Show Abstract | Download Original | Original Source | Check in Google Scholar | DOI: 10.33558/makna.v18i1.12054

Abstract

This study explores women’s language features in a patriarchal context by analyzing Charlotte Perkins Gilman’s The Yellow Wallpaper through the lens of Robin Lakoff’s (1975) framework. Focusing exclusively on the female narrator, the study examines narrative passages, sentences, and expressions to identify linguistic patterns that reflect social and ideological constraints.
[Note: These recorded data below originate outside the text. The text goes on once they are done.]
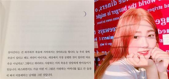 최준희 양은 최근 자신의 인스타그램에 “살아간다는 건 하루하루 죽음에 가까워지는 것이라고들 합니다. 늘 우리 곁에 죽음이 있다고 해도 과언이 아니지요. 세상에서 가장 공평한 것이 있다면 바로 죽음 아닐까요? 그렇다고 하더라도 사랑하는 이의 죽음은 담담하게 받아들이기 힘듭니다. 따스하면서도 가슴 아린 이 그림은 사랑하는 어머니를 잃고 큰 슬픔에 빠져 비통해 하는 남매를 그린 것입니다”라는 글귀가 담긴 사진을 게재했다.
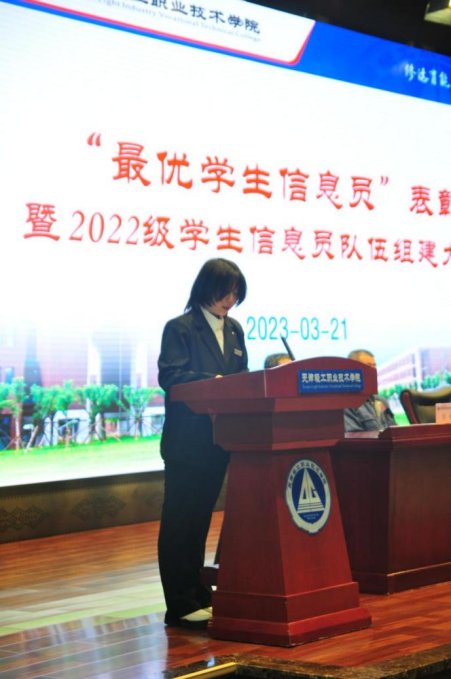 在2022级学生信息员队伍组建仪式上,103名新信息员全体起立,完成佩戴胸牌仪式。2022级工业产品质量检测技术1班陶馨蕊作为新学生信息员代表发言,她表示将饱含工作热情,创新工作方式方法,圆满完成各项工作。
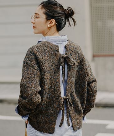 5ゲージダブルフロントブークレリボンニットカーディガン
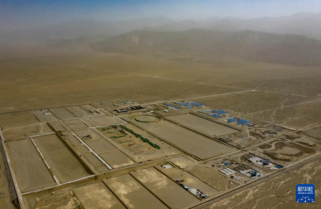 9月22日在新疆巴音郭楞蒙古自治州若羌縣拍攝的三峽集團“疆電外送”第四通道電源項目施工現(xiàn)場(無人機照片)。
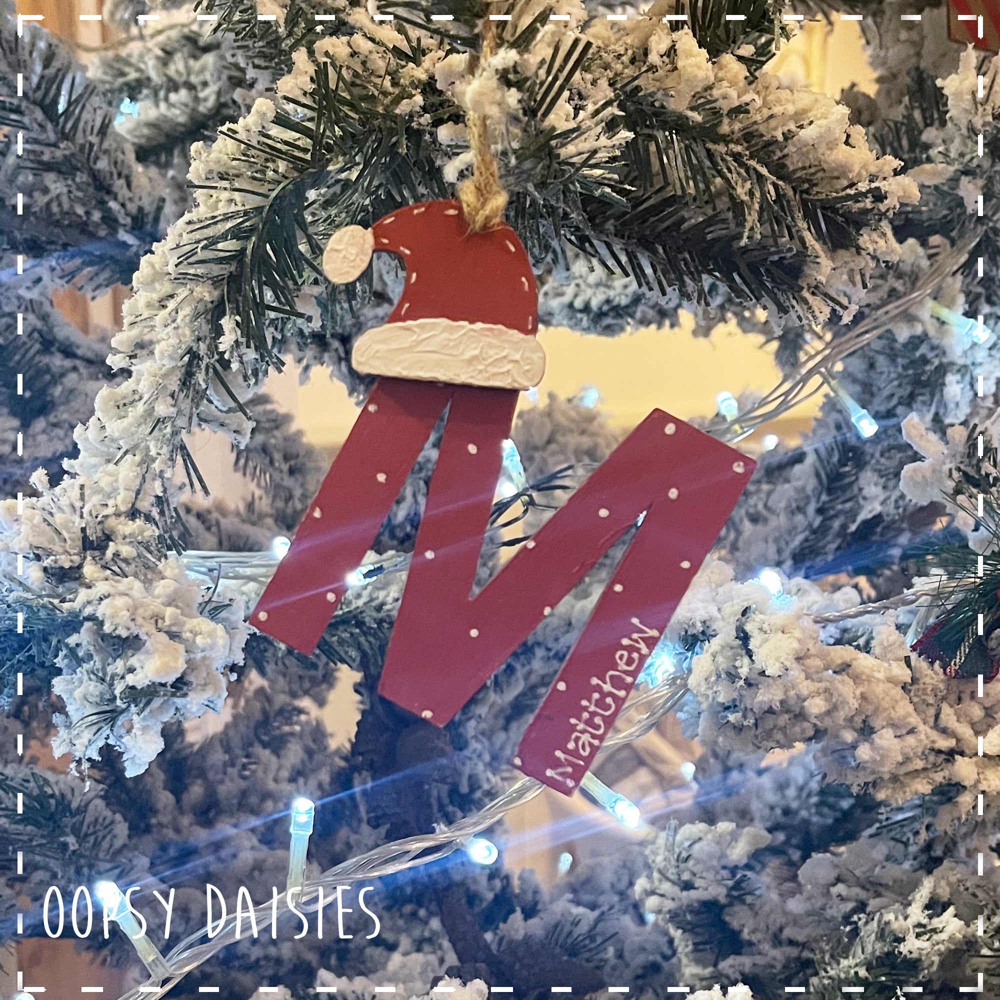 Personalise your Christmas tree this Christmas with this cute letters. Painted in a traditional Christmas red with white polka dots and a little red Santa hat. We can personalise it with a name on the letter to make it extra special.
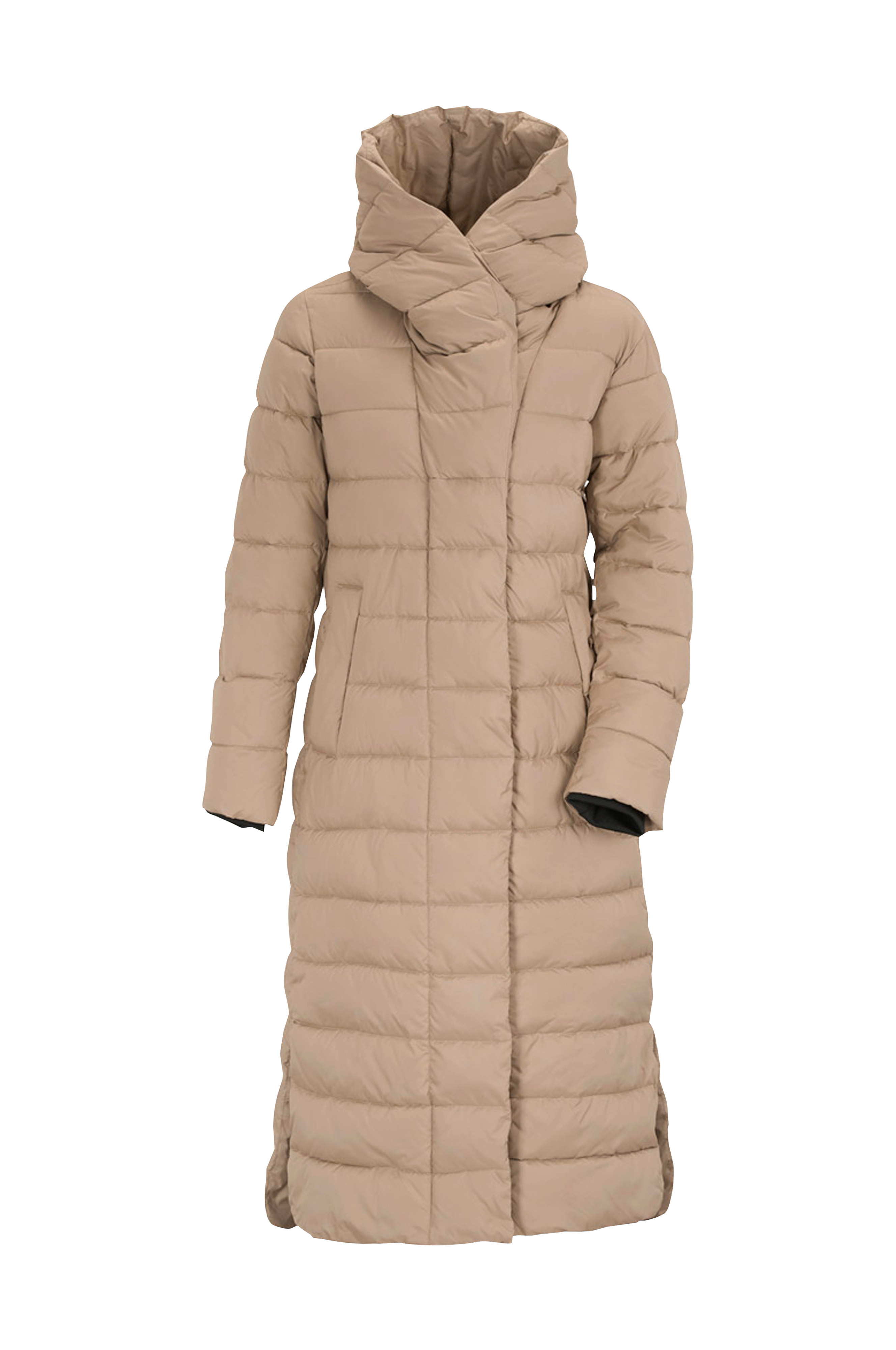 En lång, vattenavvisande puffkappa som värmer samtidigt som den är lätt och luftig. Yttermaterialet är gjort av 100% återvunnen polyester och vadderingen består av polyestervadd av lösa fibrer som isolerar värmen. Yttertyget har en slät och matt yta. Hög krage som övergår i en huva och en tvåvägsdragkedja från YKK med skyddande vindslå längs hela fronten. Två dragkedjefickor upptill fram. Ribbmuddar i ärmsluten. Reflex på insidan av ärmsluten som kan vikas upp. Slitsar i sidorna. Längd ca 118 cm i stl 36. PFC-fri vattenavvisning.
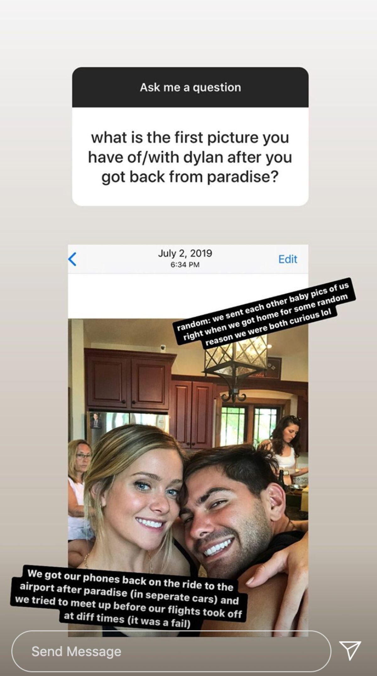 Dylan and Hannah celebrated their one-year engagement anniversary June 27, and on Monday, Hannah shared what life looked like right after the proposal in 2019. Hannah answered a series of questions on her Instagram Story, including one that asked, "what is the first picture you have of/with dylan after you got back from paradise?"
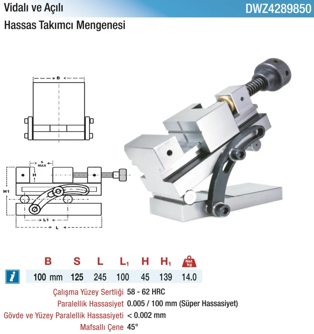 D&W Vidalı - Açılı - Hassas Takımcı Mengeneleri, işleme süreçlerinizi daha hassas, güvenli ve verimli hale getiren, dayanıklı ve pratik bir çözüm sunar.
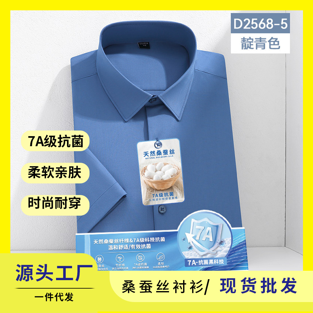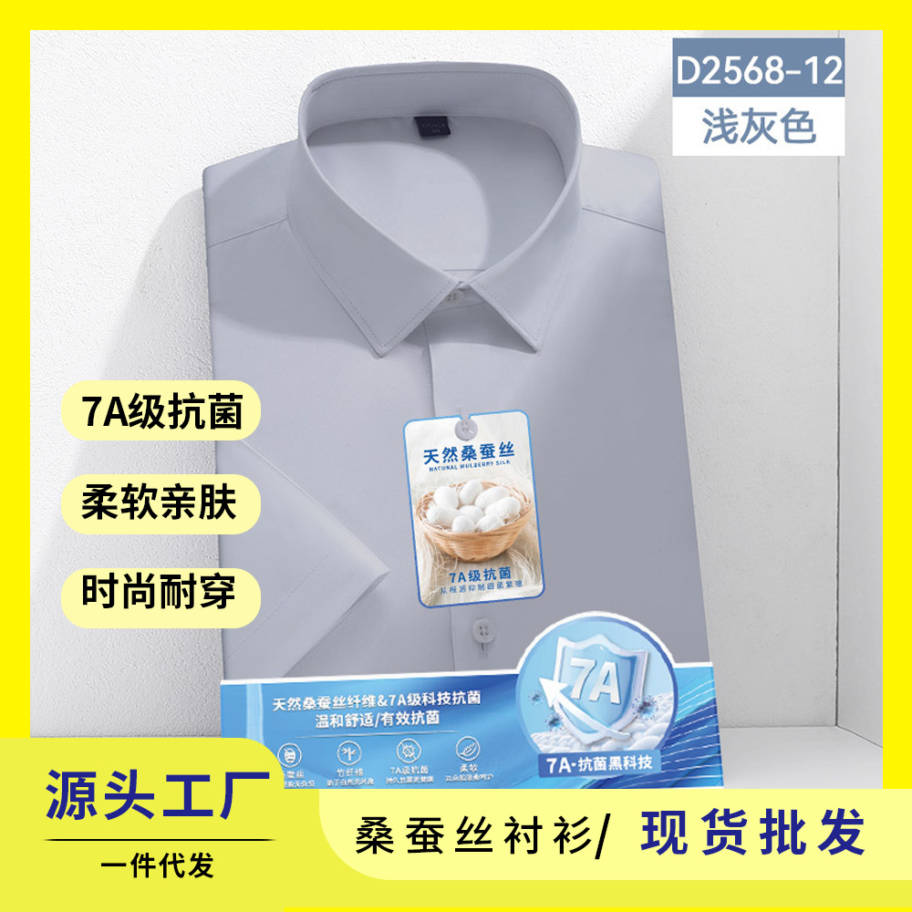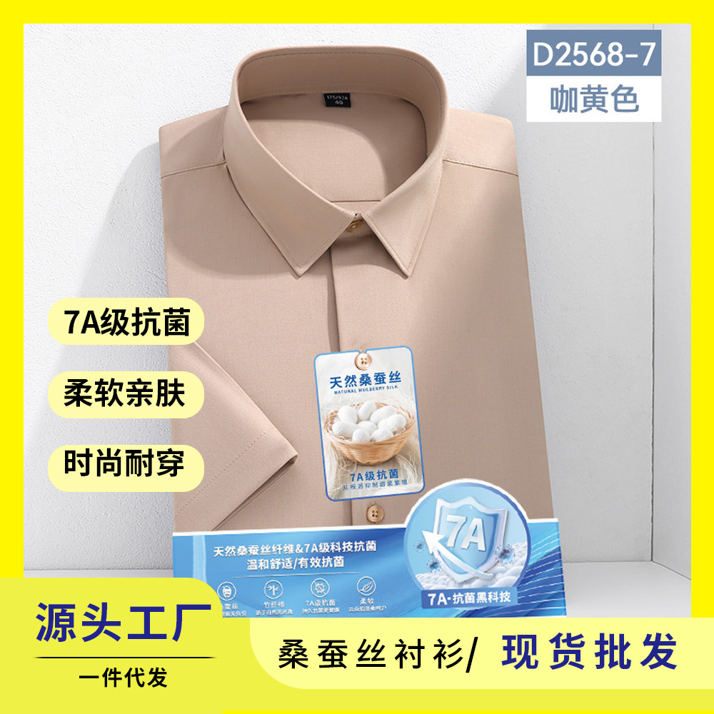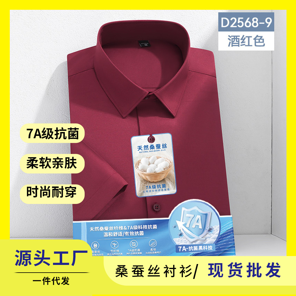 7A 항균 실크 셔츠 남성용 긴팔 비즈니스 얇은 단색 셔츠 고급 남성 셔츠 도매스토어 가기

Using a qualitative descriptive approach, nine women’s language features were identified: lexical hedges, tag questions, rising intonation, intensifiers, hypercorrect grammar, super‑polite forms, avoidance of strong swear words, precise color terms, and empty adjectives. The findings show that these features serve to convey tentativeness, politeness, emotional expression, and psychological sensitivity, highlighting the narrator’s constrained agency under patriarchal and institutional control, particularly within the context of the rest cure. From a feminist literary perspective, the language simultaneously provides subtle means for resistance and self-expression, revealing how linguistic strategies negotiate power, uncertainty, and emotion. The study underscores the value of combining Lakoff’s sociolinguistic framework with feminist literary theory to examine how language reflects and contests gendered authority in literature. Limitations include the focus on a single narrator and one literary work, suggesting the need for comparative and corpus-based studies across genres and historical contexts. Future research could explore the relationship between women’s language features, narrative perspective, and character agency to further understand how literary language constructs female subjectivity and ideological critique.